L’une des principales préoccupations concernant la pérennité de ce marché haussier réside dans les multiples de valorisation élevés du S&P 500. Cependant, cette inquiétude ne devrait pas se concrétiser, à moins d’une erreur de notre part quant à la résilience de l’économie, qui rendrait alors un scénario de récession plus probable.

Parallèlement, notre tendance haussière bénéficie d’un soutien majeur : les bénéfices. Le bénéfice par action prévisionnel du S&P 500 a atteint un nouveau record de 298,52 $ la semaine dernière. Au cours de clôture de vendredi, le ratio cours/bénéfice à terme s’établissait à 22,8. Les bénéfices prévisionnels convergent vers l’estimation consensuelle des analystes pour 2026, qui a légèrement progressé la semaine dernière pour atteindre 305,03 $ par action.

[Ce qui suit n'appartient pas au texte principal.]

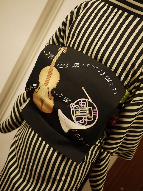 道行く奥様に、「あらあら素敵な帯ねぇ~、ギターと・・・・・何かしら?」って言われたよ。

Les petites et moyennes capitalisations à la traîne

Les indices S&P 400 MidCaps et S&P 600 SmallCaps n’ont pas encore dépassé leurs records de fin d’année dernière. Leurs bénéfices prévisionnels stagnent depuis mi-2022, et leurs récentes performances ont été jugées modestes.

Le ratio Bull/Bear : un indicateur à interpréter avec prudence

Le ratio Bull/Bear (BBR), reflet du sentiment des investisseurs, a probablement franchi la barre de 4,00 cette semaine, le résultat étant attendu mercredi. Des lectures supérieures à 3,00 peuvent servir d’indicateur contrarien, suggérant une surabondance de « bulls » et un repli imminent. Cependant, notre expérience montre que le BBR est un signal d’achat plus fiable lorsqu’il est inférieur à 1,00 que comme signal de vente lorsqu’il dépasse 3,00.

Comme le rappelle le mythe d’Icare, dont les ailes de cire ont fondu, s’approcher trop près du soleil est risqué. Dans notre scénario de base, le marché boursier semble quant à lui suivre la trajectoire plus mesurée et ascendante de Sinatra.